Increased circulating Tfh memory cells in the peripheral blood of GD patients. Peripheral blood was obtained from 30 GD patients and 30 healthy volunteers. a The values on the upper right correspond to the proportion of circulating Tfh memory cells in the rectangular region and the CD3+CD4+CXCR5+ cells were gated as circulating Tfh memory cells. b Flow cytometry analysis showing the percentage of circulating Tfh memory cells between 30 GD patients and 30 controls. c qRT-PCR analysis of IL-21 mRNA expression in the PBMCs from 30 GD patients and 30 controls. d The plasma levels of IL-21 in 30 GD patients and 30 controls were determined by ELISA. Scatter plots show the correlations between the proportion of circulating Tfh memory cells and the serum concentrations of FT3 (e), FT4 (f), TSH (g), TRAb (h), TgAb (i), and TPOAb (j) in 30 GD patients. Each data point represents an individual subject, and the horizontal lines show the mean. *p < 0.05, ***p < 0.001
The prediction of ICOS-associated miRNAs in GD patients
To address the factors contributing to increased circulating Tfh memory cells in GD patients, we focused on ICOS molecule and found that the transcript levels of ICOS were significantly augmented in the PBMCs from GD patients (Fig. 2a).

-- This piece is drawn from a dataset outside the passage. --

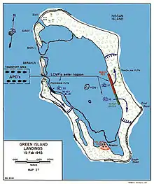 The fighting was brief but sharp on land with heavier resistance in the air.[18] Prior to the landing, as the assault force steamed towards the islands, a large group of Japanese aircraft were dispatched from Rabaul to attack the naval task force. The landing craft and transports escaped damage, but the cruiser St. Louis, which formed part of the southern covering force, was hit resulting in 23 killed and 28 wounded. Later, a group of dive bombers appeared over the landing craft as they were forming up to the west of the islands, but the Japanese aircraft were promptly dealt with by the escorting AirSols fighters from Cape Torokina, which quickly gained control of the air over Nissan Island. In all, the Japanese lost 12 aircraft. Apart from a near miss on LST-446, the landing proceeded quickly and smoothly.[19] After being crossloaded from the transports, the infantry were ferried ashore in LCIs and LCP(R)s, which proceeded to enter the lagoon to the south of Barahun Island. Troops disembarked at several landing beaches around the Pokonian and Tangalan Plantations.[20] In total 5,800 personnel were landed on 15 February, of which over 4,200 were New Zealanders.[1]

Notably, ICOS expression positively correlated with the percentage of circulating Tfh memory cells (r = 0.3990; p = 0.0290) (Fig. 2b) and the transcript levels of IL-21 (r = 0.7206; p < 0.0001) (Fig. 2c) in GD patients. To further investigate the causes of the elevated ICOS expression, we analyzed miRNAs’ expression profile (GSE183576). Hierarchical clustering analysis (Fig. 2d) and scatter plots (Fig. 2e) results revealed differentially expressed miRNAs between the GD and control samples. A total of 1310 dysregulated miRNAs (490 upregulated and 820 downregulated) were identified between GD and controls. Among them, 31 miRNAs, including 3 upregulated and 28 downregulated, showed fold change ˃1.5, p <0.05 (Fig. 2f). We subsequently predicted miRNAs that targeted ICOS using the prediction programs, and these predicted miRNAs have been reported in other autoimmune diseases. Venn diagram analysis revealed that three shared miRNAs meet the requirement for targeted relationship (miR-29a-3p, miR-29b-3p, and miR-98-5p) (Fig. 2g). Based on the following preliminary experiments, only miR-29a-3p was clearly downregulated in the PBMCs from GD patients compared with miR-29b-3p and miR-98-5p expressions (Fig. S1a–c). Because of the negative regulatory relationship between miRNAs and their target genes, miR-29a-3p was selected for further studies.
The prediction of ICOS-associated miRNAs in GD patients. a qRT-PCR analysis of ICOS mRNA expression in the PBMCs from 30 GD patients and 30 controls. b The correlation between ICOS mRNA expression and the percentage of CD4+CXCR5+ T cells in 30 GD patients. c The correlation between the transcript levels of ICOS and IL-21 mRNA expression in 30 GD patients. Hierarchical clustering heatmap (d) and scatter plots (e) showing the dysregulated expression of miRNAs between 5 GD patients and 5 controls. f Statistical analysis of dysregulated miRNAs. Green represents differentially expressed miRNAs (490 upregulation vs. 820 downregulation) and red represents significantly dysregulated miRNAs (fold change >1.5, p <0.05) (3 upregulation vs. 28 downregulation). g The Venn diagram revealed the intersection of miRNAs targeting ICOS by prediction software and downregulated miRNAs from sequencing data. Each data point represents an individual subject, and the horizontal lines show the mean. ***p < 0.001
ICOS is a functional target of miR-29a-3p
We detected miR-29a-3p levels by expanding the sample size of GD and controls, and found that miR-29a-3p expression was significantly attenuated in the PBMCs from GD patients (Fig. 3a). Moreover, an inverse correlation between the levels of ICOS and the levels of miR-29a-3p was indicated in GD patients (r = −0.4456; p = 0.0136) (Fig. 3b). ICOS 3′UTR has a matching site with miR-29a-3p (Fig. 3c). To determine whether ICOS was a direct target of miR-29a-3p, miR-29a-3p mimics were co-transfected with WT luciferase reporter and mutant luciferase reporter into HEK293T cells, respectively. Our data indicated that miR-29a-3p reduced the luciferase activity, but did not influence the luciferase activity of mutant reporter that is unable to bind miR-29a-3p (Fig. 3d). To further investigate the interaction between miR-29a-3p and ICOS, we transfected miR-29a-3p mimics and miR-NC in the PBMCs. After examination by qRT-PCR and flow cytometry analysis, our results indicated that transfection with miR-29a-3p (Fig. 3e) reduced ICOS mRNA (Fig. 3f) and protein levels (Fig. 3g, h) in the PBMCs. Together, these data showed that miR-29a-3p can directly suppress ICOS expression.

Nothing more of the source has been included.